Using the data below, print exactly the line with "4 Отсоедините стабилизатор", the line with "švédský nůž velmi", and every line between them, but none of the pictures.

TASK MATERIAL Block Start

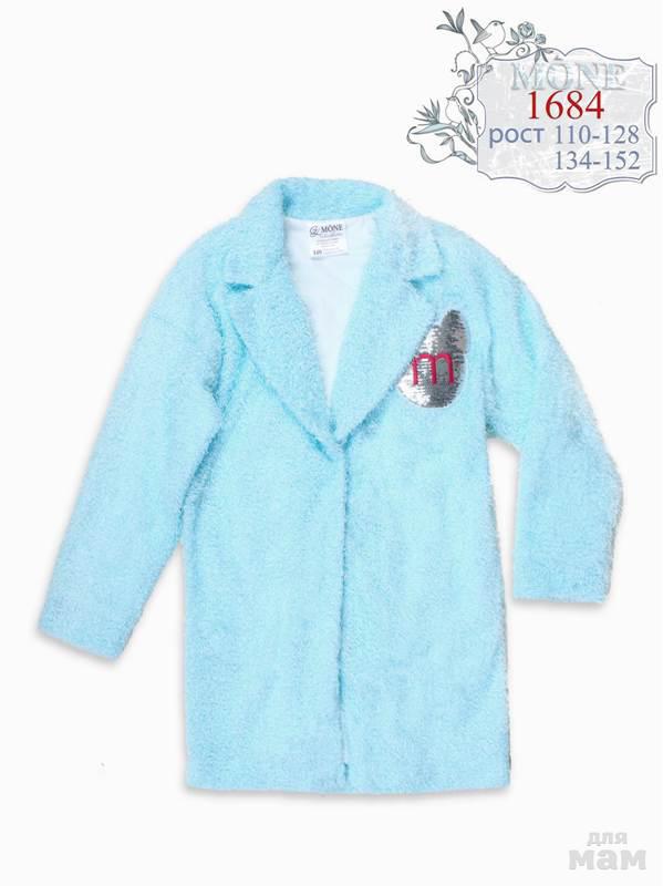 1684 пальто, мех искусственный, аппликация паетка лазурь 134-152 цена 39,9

TASK MATERIAL Block End
TASK MATERIAL Block Start

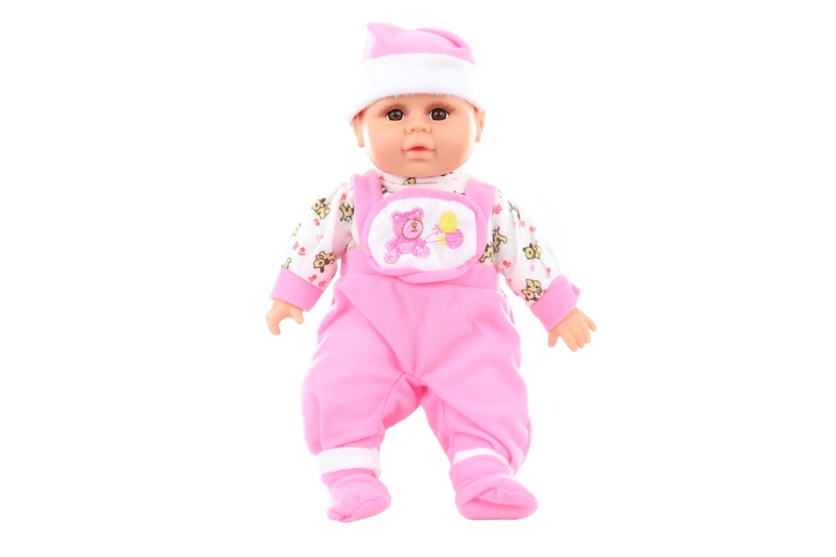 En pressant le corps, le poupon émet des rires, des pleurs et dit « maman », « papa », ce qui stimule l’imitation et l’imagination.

TASK MATERIAL Block End
TASK MATERIAL Block Start

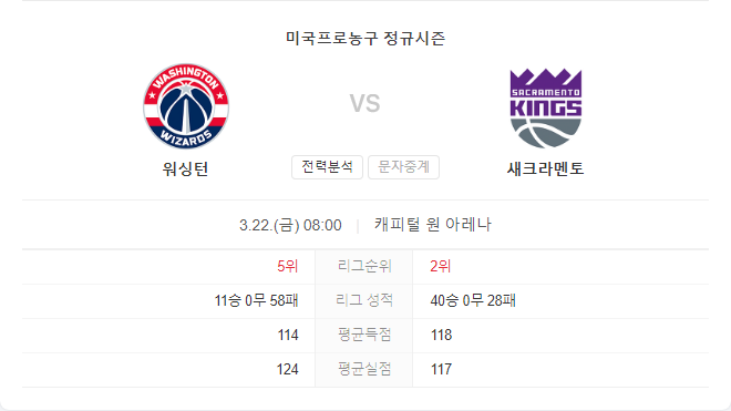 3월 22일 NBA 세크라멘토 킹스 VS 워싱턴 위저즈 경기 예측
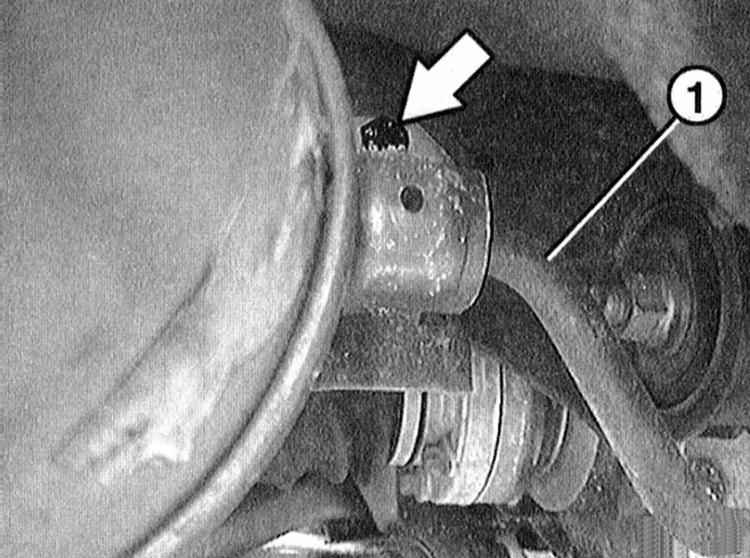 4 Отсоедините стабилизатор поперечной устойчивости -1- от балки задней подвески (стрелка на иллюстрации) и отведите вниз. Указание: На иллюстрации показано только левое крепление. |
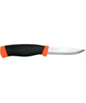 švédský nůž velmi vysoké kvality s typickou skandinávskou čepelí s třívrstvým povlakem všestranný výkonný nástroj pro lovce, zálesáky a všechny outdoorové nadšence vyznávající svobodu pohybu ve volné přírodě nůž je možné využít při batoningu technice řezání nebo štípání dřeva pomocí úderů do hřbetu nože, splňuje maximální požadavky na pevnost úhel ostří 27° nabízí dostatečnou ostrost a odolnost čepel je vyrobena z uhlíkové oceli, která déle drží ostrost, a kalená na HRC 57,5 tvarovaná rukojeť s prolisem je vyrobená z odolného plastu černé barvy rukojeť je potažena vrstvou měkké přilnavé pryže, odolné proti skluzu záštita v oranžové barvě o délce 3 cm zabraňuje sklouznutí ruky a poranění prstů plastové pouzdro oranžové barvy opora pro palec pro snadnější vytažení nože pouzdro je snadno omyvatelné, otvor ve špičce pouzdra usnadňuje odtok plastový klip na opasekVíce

TASK MATERIAL Block End

TASK ANSWER =
 4 Отсоедините стабилизатор поперечной устойчивости -1- от балки задней подвески (стрелка на иллюстрации) и отведите вниз. Указание: На иллюстрации показано только левое крепление. |
 švédský nůž velmi vysoké kvality s typickou skandinávskou čepelí s třívrstvým povlakem všestranný výkonný nástroj pro lovce, zálesáky a všechny outdoorové nadšence vyznávající svobodu pohybu ve volné přírodě nůž je možné využít při batoningu technice řezání nebo štípání dřeva pomocí úderů do hřbetu nože, splňuje maximální požadavky na pevnost úhel ostří 27° nabízí dostatečnou ostrost a odolnost čepel je vyrobena z uhlíkové oceli, která déle drží ostrost, a kalená na HRC 57,5 tvarovaná rukojeť s prolisem je vyrobená z odolného plastu černé barvy rukojeť je potažena vrstvou měkké přilnavé pryže, odolné proti skluzu záštita v oranžové barvě o délce 3 cm zabraňuje sklouznutí ruky a poranění prstů plastové pouzdro oranžové barvy opora pro palec pro snadnější vytažení nože pouzdro je snadno omyvatelné, otvor ve špičce pouzdra usnadňuje odtok plastový klip na opasekVíce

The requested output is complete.